Jefferies analysts are bullish on the future potential of Tencent’s overseas drive.

“Overseas, Tencent has a solid pipeline of about 30 titles that are to be released in the next few years,” they said. “On top of mobile games, Tencent also has console games in the pipeline. It pursues multi-pronged strategies in overseas expansion such as setting up local operations teams, self development as well as publishing.”

Meituan divestment, cloud in focus

Investors will be keeping their eye on a few more areas of Tencent’s business.
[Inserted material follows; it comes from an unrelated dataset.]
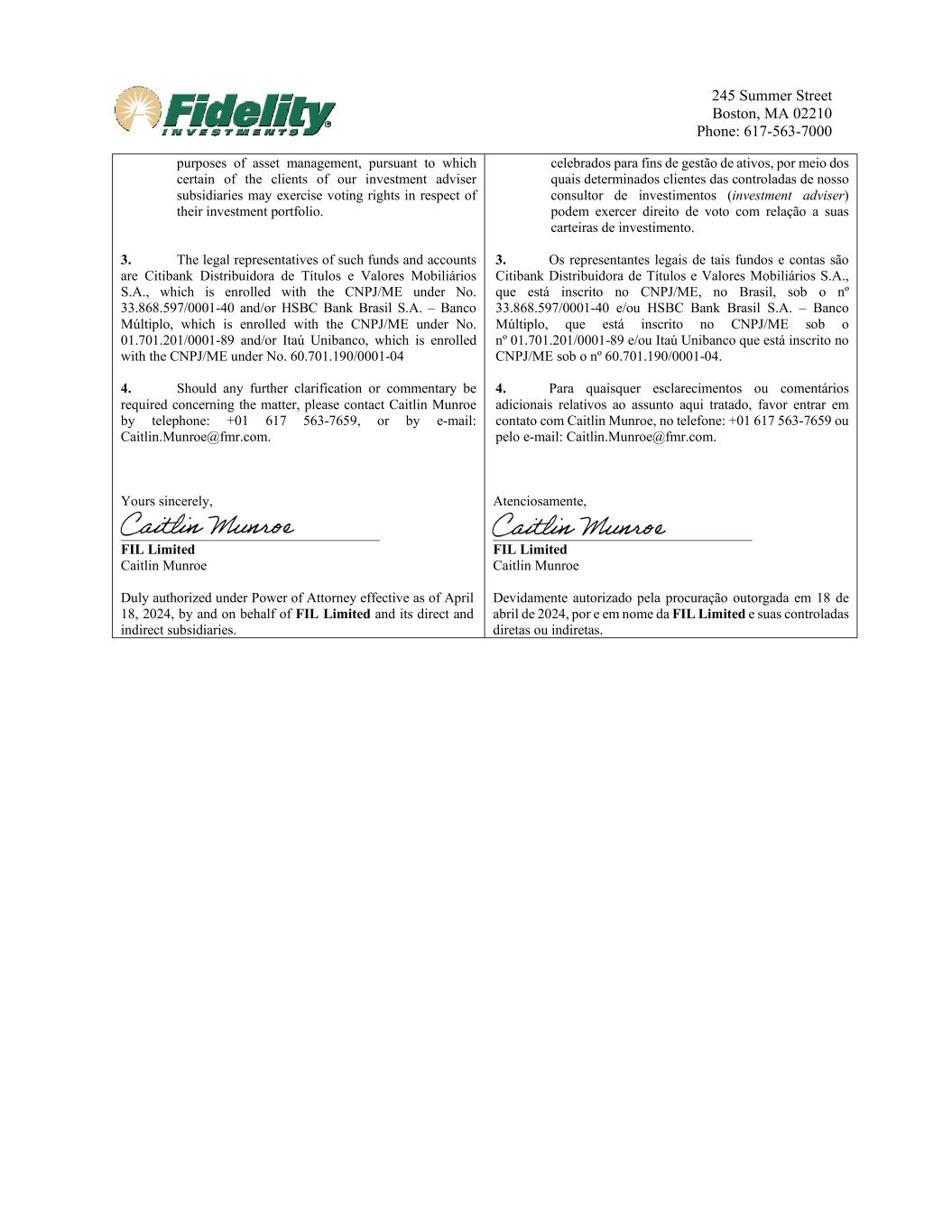 245 Summer Street Boston, MA 02210 Phone: 617-563-7000 purposes of asset management, pursuant to which certain of the clients of our investment adviser subsidiaries may exercise voting rights in respect of their investment portfolio. 3. The legal representatives of such funds and accounts are Citibank Distribuidora de Títulos e Valores Mobiliários S.A., which is enrolled with the CNPJ/ME under No. 33.868.597/0001-40 and/or HSBC Bank Brasil S.A. – Banco Múltiplo, which is enrolled with the CNPJ/ME under No. 01.701.201/0001-89 and/or Itaú Unibanco, which is enrolled with the CNPJ/ME under No. 60.701.190/0001-04 4. Should any further clarification or commentary be required concerning the matter, please contact Caitlin Munroe by telephone: +01 617 563-7659, or by e-mail: Caitlin.Munroe@fmr.com. Yours sincerely, _____________________________________ FIL Limited Caitlin Munroe Duly authorized under Power of Attorney effective as of April 18, 2024, by and on behalf of FIL Limited and its direct and indirect subsidiaries. celebrados para fins de gestão de ativos, por meio dos quais determinados clientes das controladas de nosso consultor de investimentos (investment adviser) podem exercer direito de voto com relação a suas carteiras de investimento. 3. Os representantes legais de tais fundos e contas são Citibank Distribuidora de Títulos e Valores Mobiliários S.A., que está inscrito no CNPJ/ME, no Brasil, sob o nº 33.868.597/0001-40 e/ou HSBC Bank Brasil S.A. – Banco Múltiplo, que está inscrito no CNPJ/ME sob o nº 01.701.201/0001-89 e/ou Itaú Unibanco que está inscrito no CNPJ/ME sob o nº 60.701.190/0001-04. 4. Para quaisquer esclarecimentos ou comentários adicionais relativos ao assunto aqui tratado, favor entrar em contato com Caitlin Munroe, no telefone: +01 617 563-7659 ou pelo e-mail: Caitlin.Munroe@fmr.com. Atenciosamente, _____________________________________ FIL Limited Caitlin Munroe Devidamente autorizado pela procuração outorgada em 18 de abril de 2024, por e em nome da FIL Limited e suas controladas diretas ou indiretas.

On Tuesday, Reuters reported that Tencent is planning to divest most of its $24 billion stake in food delivery giant Meituan. A source with knowledge of the matter told CNBC that Tencent has no plans currently to sell its stake. Investors will be hoping to hear from Tencent’s executives on its plans in this area.

Tencent’s fintech and cloud business are also important areas for the company. Tencent runs one of China’s biggest mobile payment platforms called WeChat Pay. China Renaissance said it forecasts just 2% year-on-year revenue growth for fintech due to the Covid resurgence.

Growth of the cloud business could also be hampered due to “project delays and softness in offline activities” because of the pandemic, Jefferies said.